• [Exercise data]:
==========
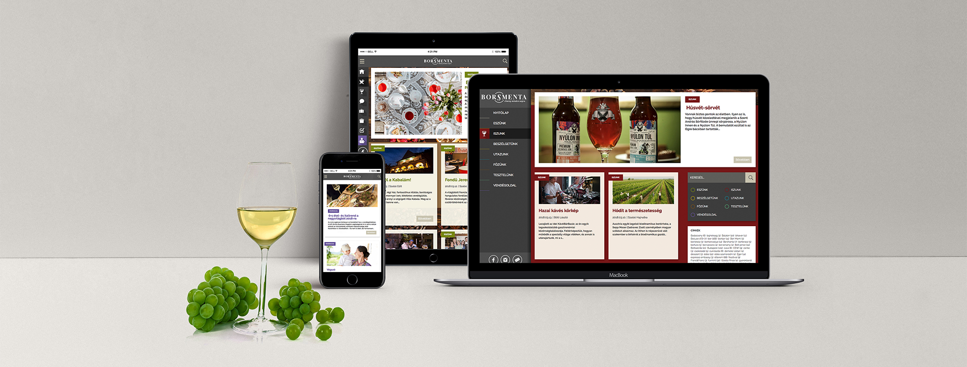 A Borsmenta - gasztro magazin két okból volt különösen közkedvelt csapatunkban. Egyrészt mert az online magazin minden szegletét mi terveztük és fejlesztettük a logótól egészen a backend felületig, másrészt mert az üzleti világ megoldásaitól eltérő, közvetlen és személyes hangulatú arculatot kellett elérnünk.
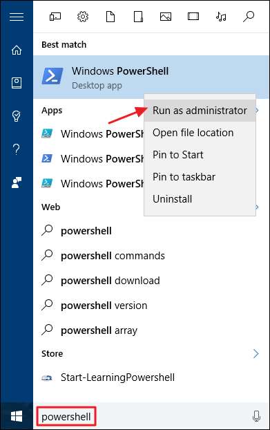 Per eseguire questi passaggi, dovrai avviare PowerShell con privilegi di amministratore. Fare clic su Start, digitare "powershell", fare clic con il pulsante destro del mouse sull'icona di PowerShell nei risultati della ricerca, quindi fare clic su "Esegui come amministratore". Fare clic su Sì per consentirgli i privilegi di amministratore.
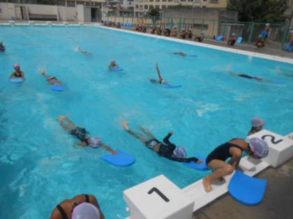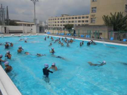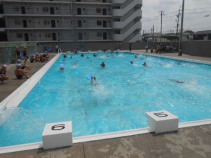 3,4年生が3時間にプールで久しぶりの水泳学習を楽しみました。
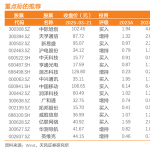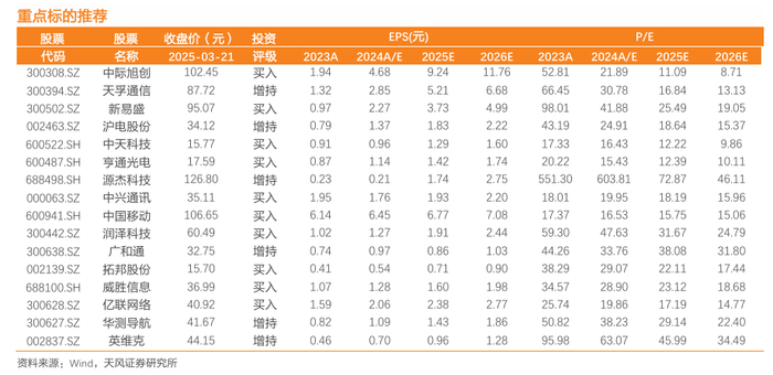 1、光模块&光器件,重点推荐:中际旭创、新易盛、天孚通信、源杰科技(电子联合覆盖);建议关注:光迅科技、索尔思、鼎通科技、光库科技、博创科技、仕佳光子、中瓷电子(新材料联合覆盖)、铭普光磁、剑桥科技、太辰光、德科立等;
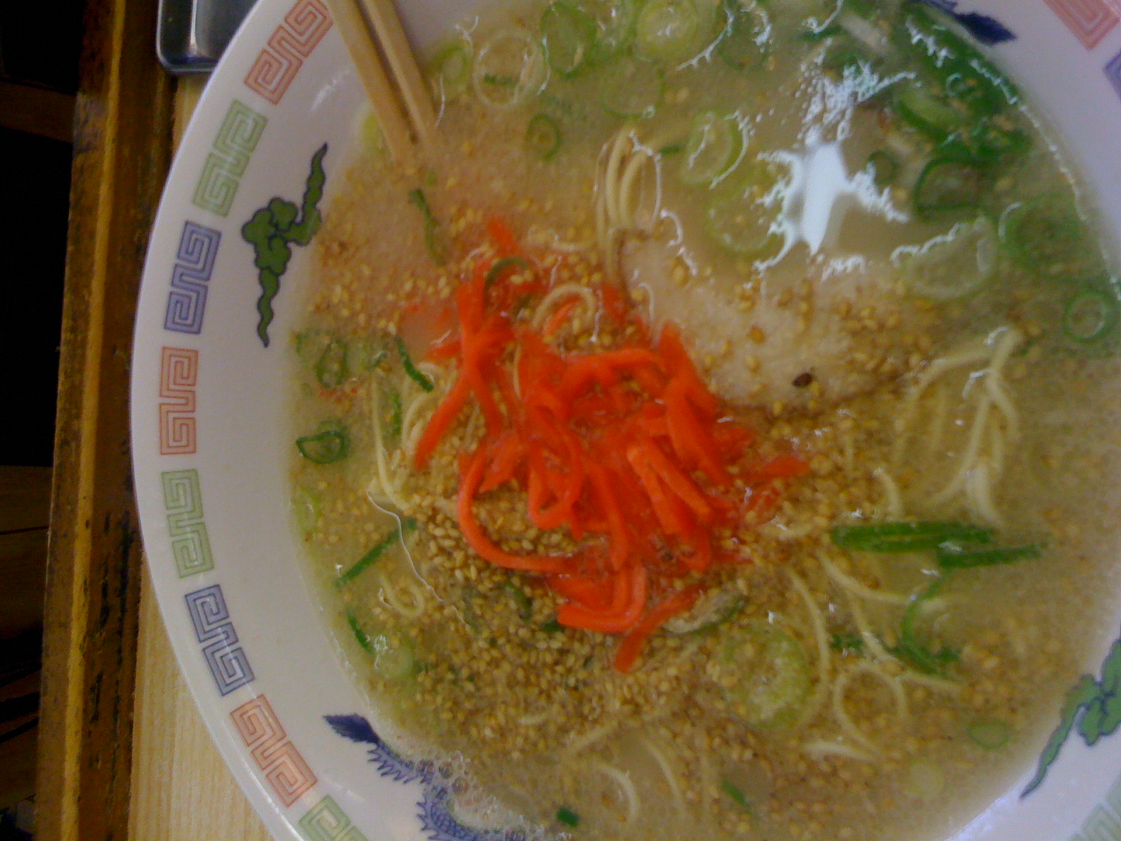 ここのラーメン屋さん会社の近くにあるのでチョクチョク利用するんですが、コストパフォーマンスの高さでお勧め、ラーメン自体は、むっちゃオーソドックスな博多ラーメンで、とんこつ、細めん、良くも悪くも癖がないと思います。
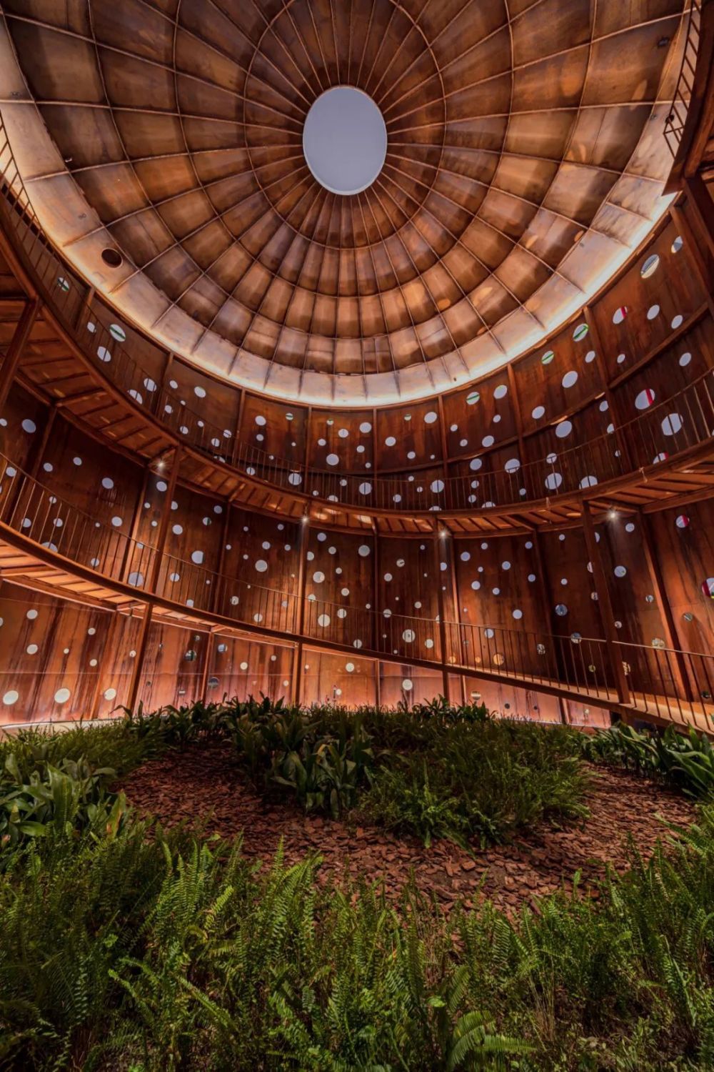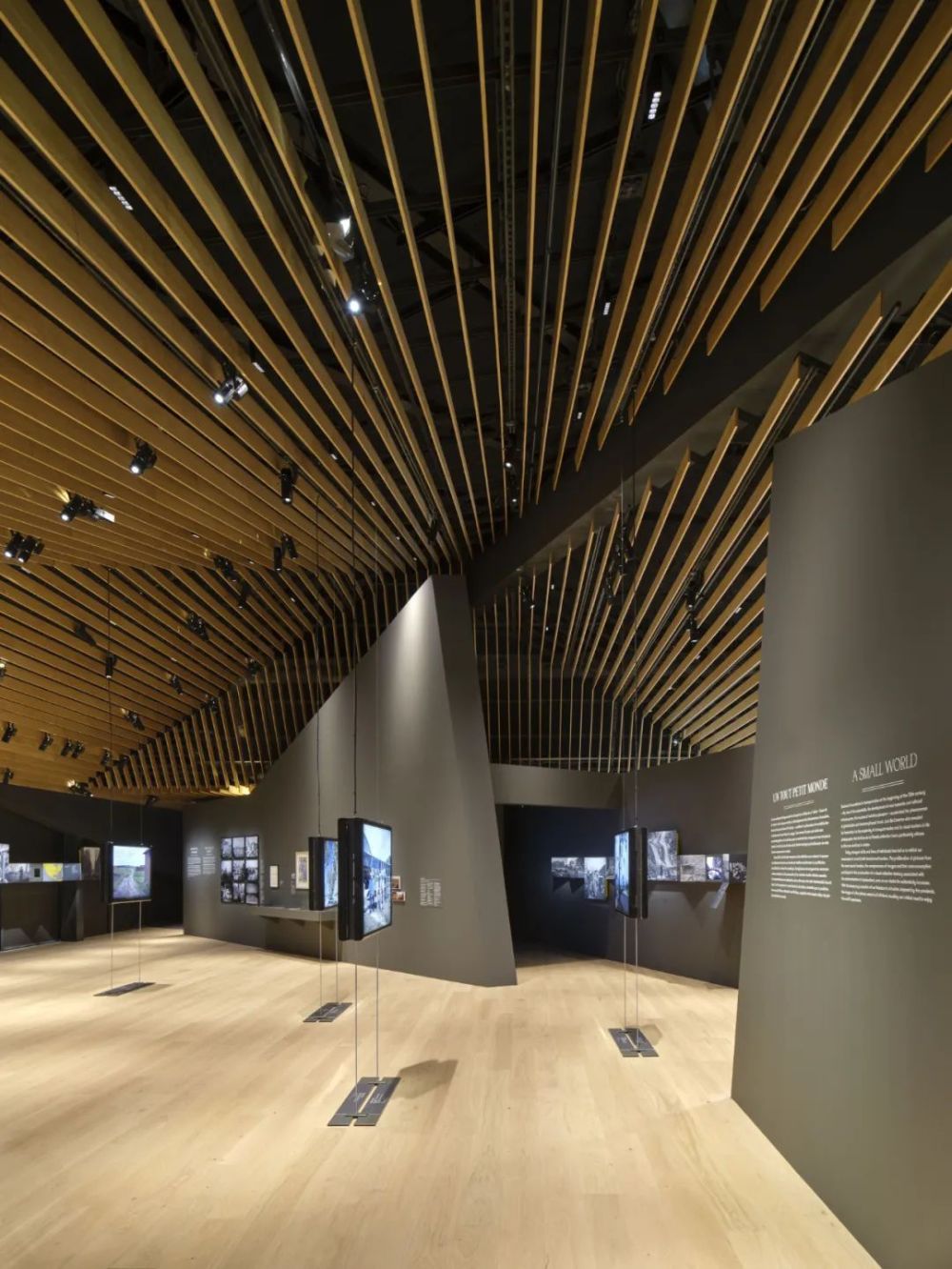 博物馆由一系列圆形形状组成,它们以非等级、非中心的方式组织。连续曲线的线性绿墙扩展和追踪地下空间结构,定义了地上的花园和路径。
==========
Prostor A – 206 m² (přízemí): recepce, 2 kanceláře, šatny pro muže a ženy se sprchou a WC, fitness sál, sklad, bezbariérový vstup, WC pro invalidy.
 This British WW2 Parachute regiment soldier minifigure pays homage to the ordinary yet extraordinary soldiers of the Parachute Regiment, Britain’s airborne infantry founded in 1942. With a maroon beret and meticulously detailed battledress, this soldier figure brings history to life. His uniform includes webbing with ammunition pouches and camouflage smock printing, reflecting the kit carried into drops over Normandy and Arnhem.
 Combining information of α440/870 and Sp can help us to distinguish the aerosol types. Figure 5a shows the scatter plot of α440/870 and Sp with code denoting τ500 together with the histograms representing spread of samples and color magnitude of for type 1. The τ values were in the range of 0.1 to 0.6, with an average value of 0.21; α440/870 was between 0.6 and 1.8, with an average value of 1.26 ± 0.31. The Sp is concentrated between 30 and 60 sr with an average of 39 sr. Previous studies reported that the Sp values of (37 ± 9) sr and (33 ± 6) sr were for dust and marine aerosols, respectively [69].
==========
Using the records above, return verbatim only the part that opens with the line containing "A Borsmenta - gasztro" and closes with the line containing "博物馆由一系列圆形形状组成,它们以非等级"; pictures stay out.

• [Solution for this task]:
 A Borsmenta - gasztro magazin két okból volt különösen közkedvelt csapatunkban. Egyrészt mert az online magazin minden szegletét mi terveztük és fejlesztettük a logótól egészen a backend felületig, másrészt mert az üzleti világ megoldásaitól eltérő, közvetlen és személyes hangulatú arculatot kellett elérnünk.
 Per eseguire questi passaggi, dovrai avviare PowerShell con privilegi di amministratore. Fare clic su Start, digitare "powershell", fare clic con il pulsante destro del mouse sull'icona di PowerShell nei risultati della ricerca, quindi fare clic su "Esegui come amministratore". Fare clic su Sì per consentirgli i privilegi di amministratore.
 3,4年生が3時間にプールで久しぶりの水泳学習を楽しみました。
 1、光模块&光器件,重点推荐:中际旭创、新易盛、天孚通信、源杰科技(电子联合覆盖);建议关注:光迅科技、索尔思、鼎通科技、光库科技、博创科技、仕佳光子、中瓷电子(新材料联合覆盖)、铭普光磁、剑桥科技、太辰光、德科立等;
 ここのラーメン屋さん会社の近くにあるのでチョクチョク利用するんですが、コストパフォーマンスの高さでお勧め、ラーメン自体は、むっちゃオーソドックスな博多ラーメンで、とんこつ、細めん、良くも悪くも癖がないと思います。
 博物馆由一系列圆形形状组成,它们以非等级、非中心的方式组织。连续曲线的线性绿墙扩展和追踪地下空间结构,定义了地上的花园和路径。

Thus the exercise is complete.